◆ **THE PROBLEM**
Your answer must be an exact copy of the records below, with every picture left out.

——

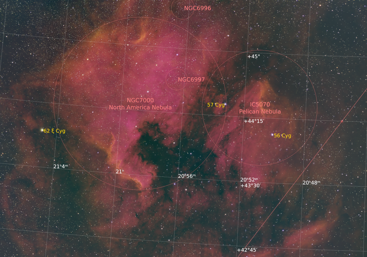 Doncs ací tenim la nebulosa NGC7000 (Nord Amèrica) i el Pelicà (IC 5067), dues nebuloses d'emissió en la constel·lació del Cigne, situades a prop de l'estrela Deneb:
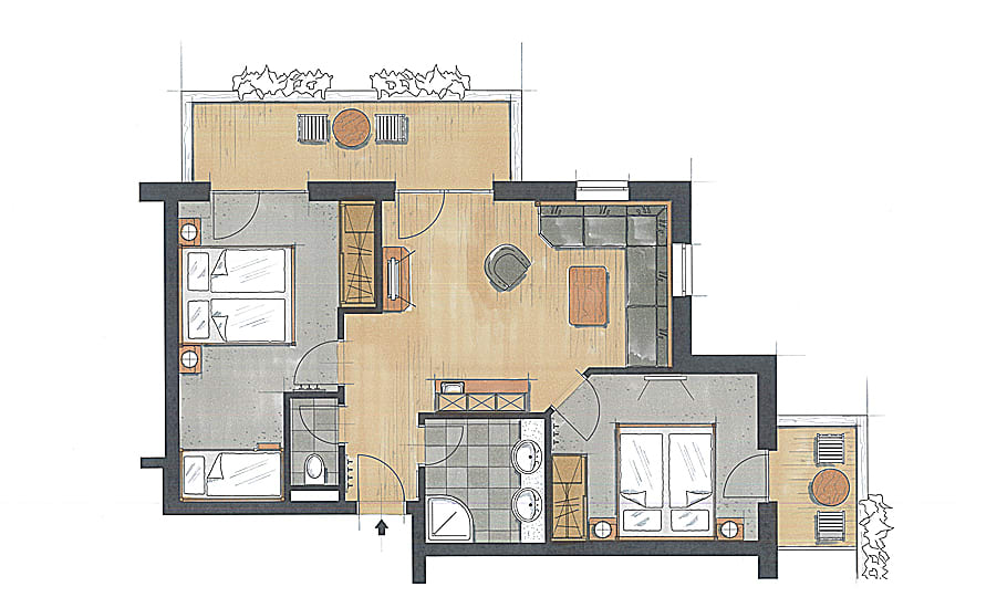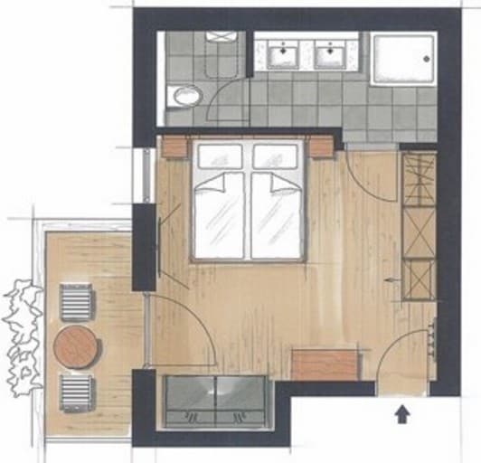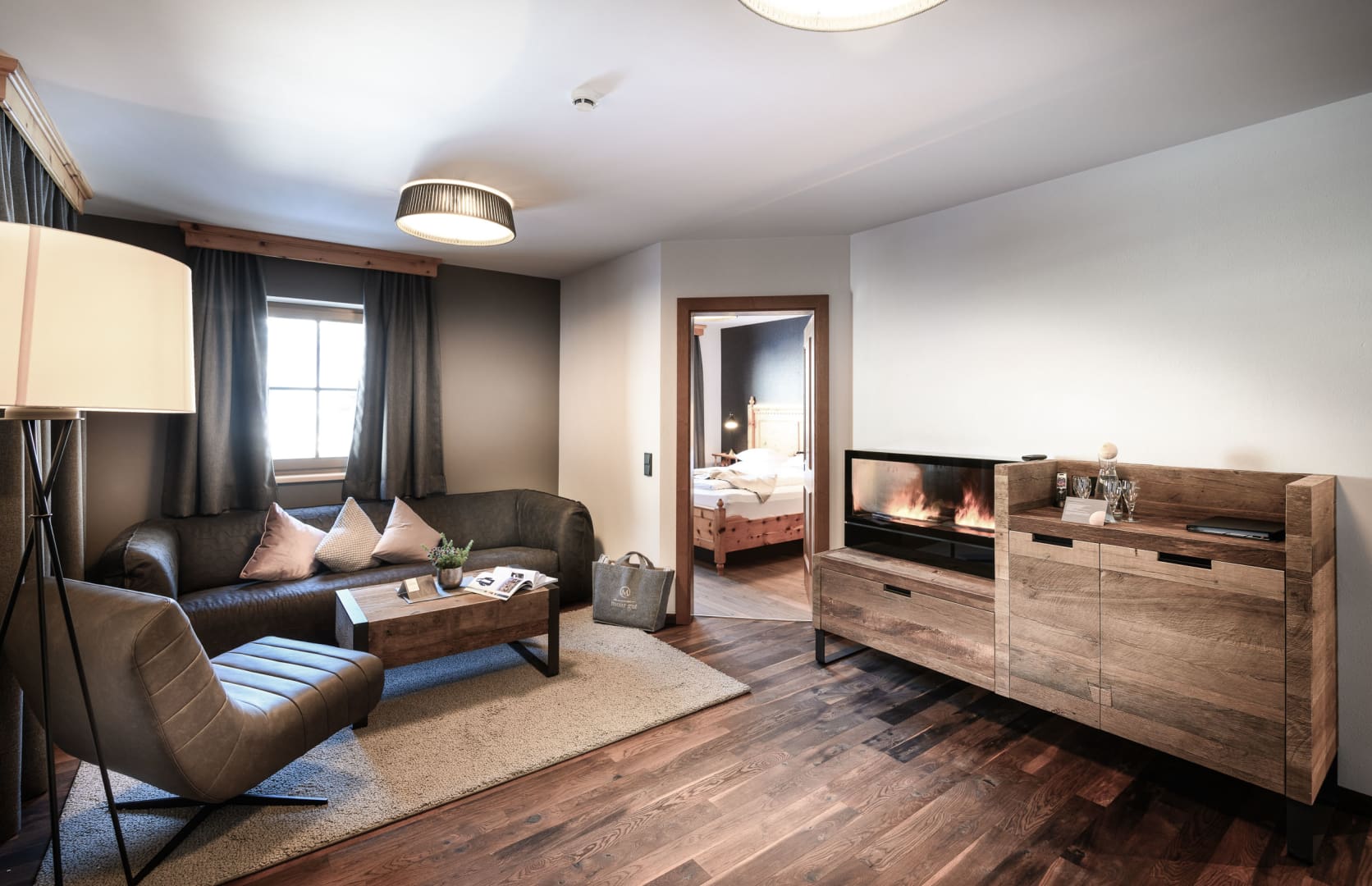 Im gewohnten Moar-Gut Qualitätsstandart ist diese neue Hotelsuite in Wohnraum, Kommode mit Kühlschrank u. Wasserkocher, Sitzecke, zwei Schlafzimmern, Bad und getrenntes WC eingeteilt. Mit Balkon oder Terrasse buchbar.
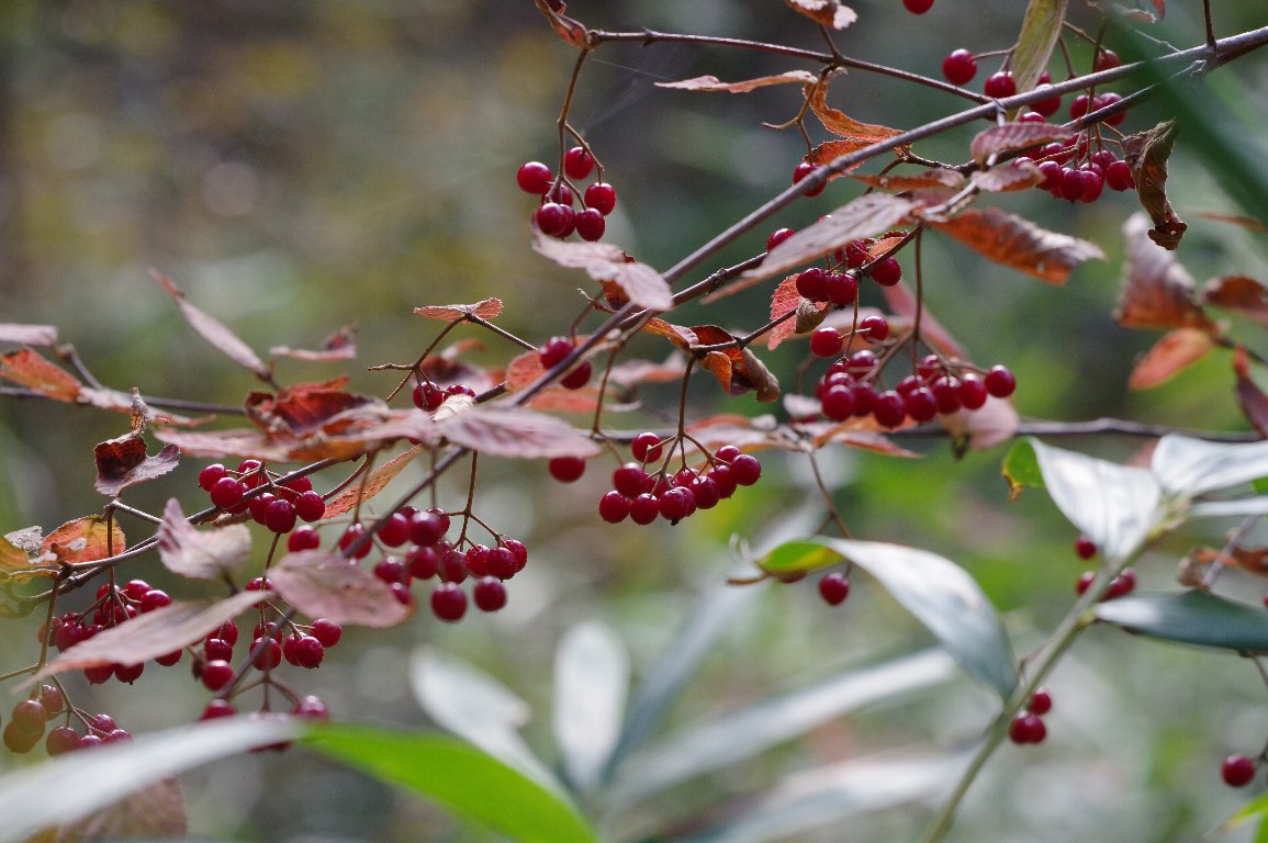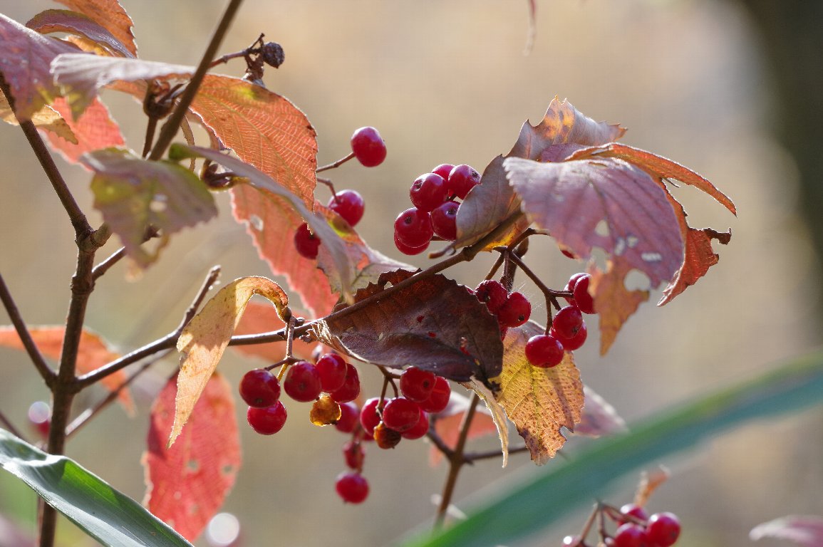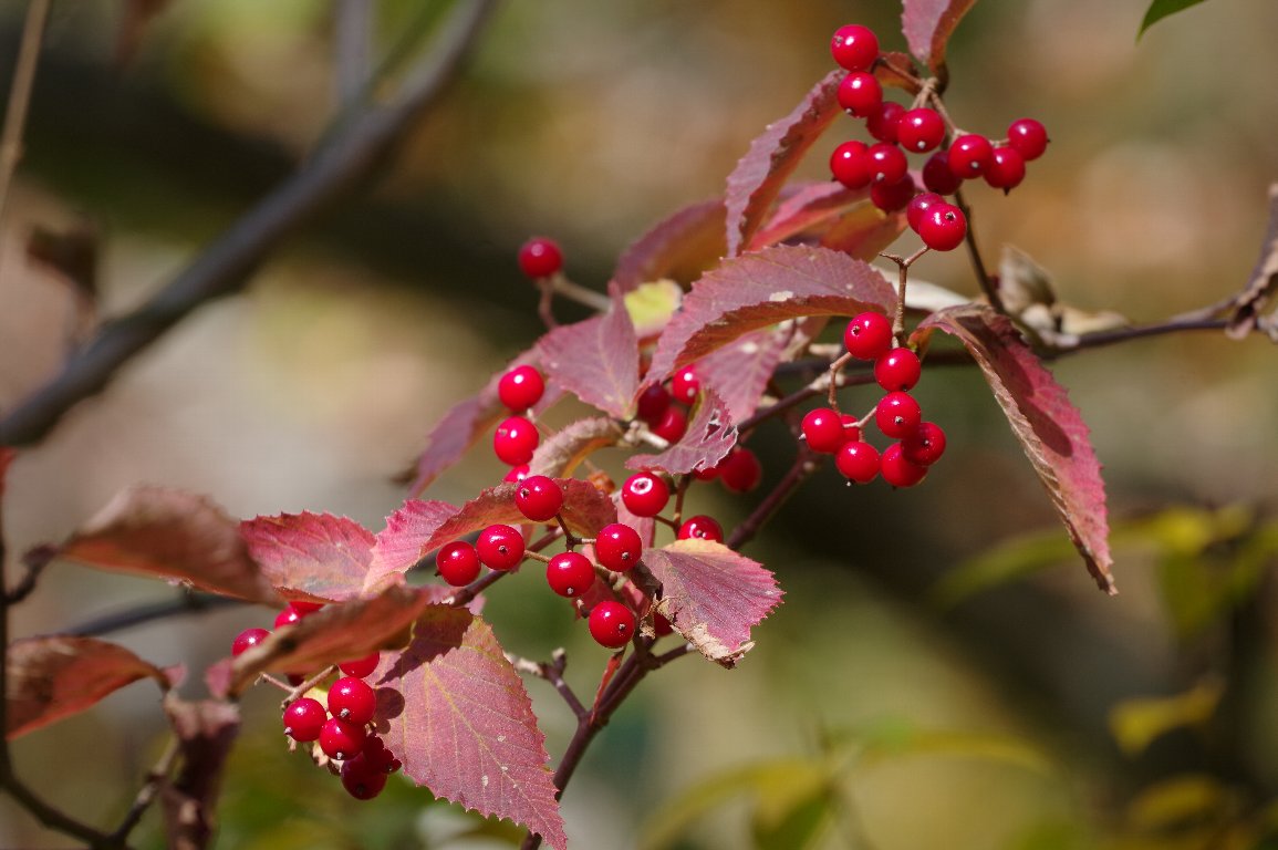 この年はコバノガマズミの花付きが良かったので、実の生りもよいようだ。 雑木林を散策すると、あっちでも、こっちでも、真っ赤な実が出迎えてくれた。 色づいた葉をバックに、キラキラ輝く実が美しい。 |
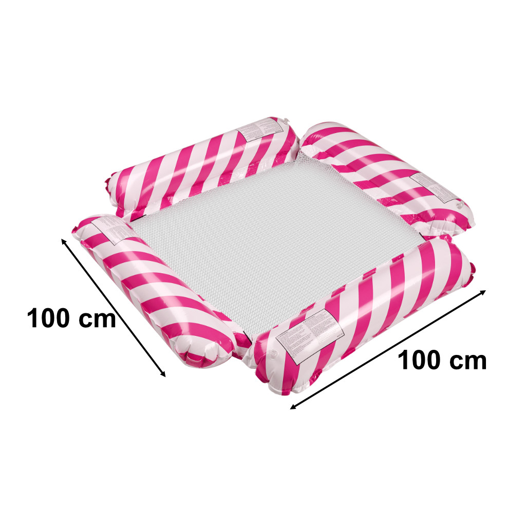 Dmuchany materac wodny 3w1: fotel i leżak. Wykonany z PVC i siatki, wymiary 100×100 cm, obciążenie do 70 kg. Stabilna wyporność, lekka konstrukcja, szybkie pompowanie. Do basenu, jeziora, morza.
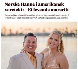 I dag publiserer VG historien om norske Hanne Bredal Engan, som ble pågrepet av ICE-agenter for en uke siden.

——

◆ **SOLUTION TO THE EXERCISE**
 Doncs ací tenim la nebulosa NGC7000 (Nord Amèrica) i el Pelicà (IC 5067), dues nebuloses d'emissió en la constel·lació del Cigne, situades a prop de l'estrela Deneb:
 Im gewohnten Moar-Gut Qualitätsstandart ist diese neue Hotelsuite in Wohnraum, Kommode mit Kühlschrank u. Wasserkocher, Sitzecke, zwei Schlafzimmern, Bad und getrenntes WC eingeteilt. Mit Balkon oder Terrasse buchbar.
 この年はコバノガマズミの花付きが良かったので、実の生りもよいようだ。 雑木林を散策すると、あっちでも、こっちでも、真っ赤な実が出迎えてくれた。 色づいた葉をバックに、キラキラ輝く実が美しい。 |
 Dmuchany materac wodny 3w1: fotel i leżak. Wykonany z PVC i siatki, wymiary 100×100 cm, obciążenie do 70 kg. Stabilna wyporność, lekka konstrukcja, szybkie pompowanie. Do basenu, jeziora, morza.
 I dag publiserer VG historien om norske Hanne Bredal Engan, som ble pågrepet av ICE-agenter for en uke siden.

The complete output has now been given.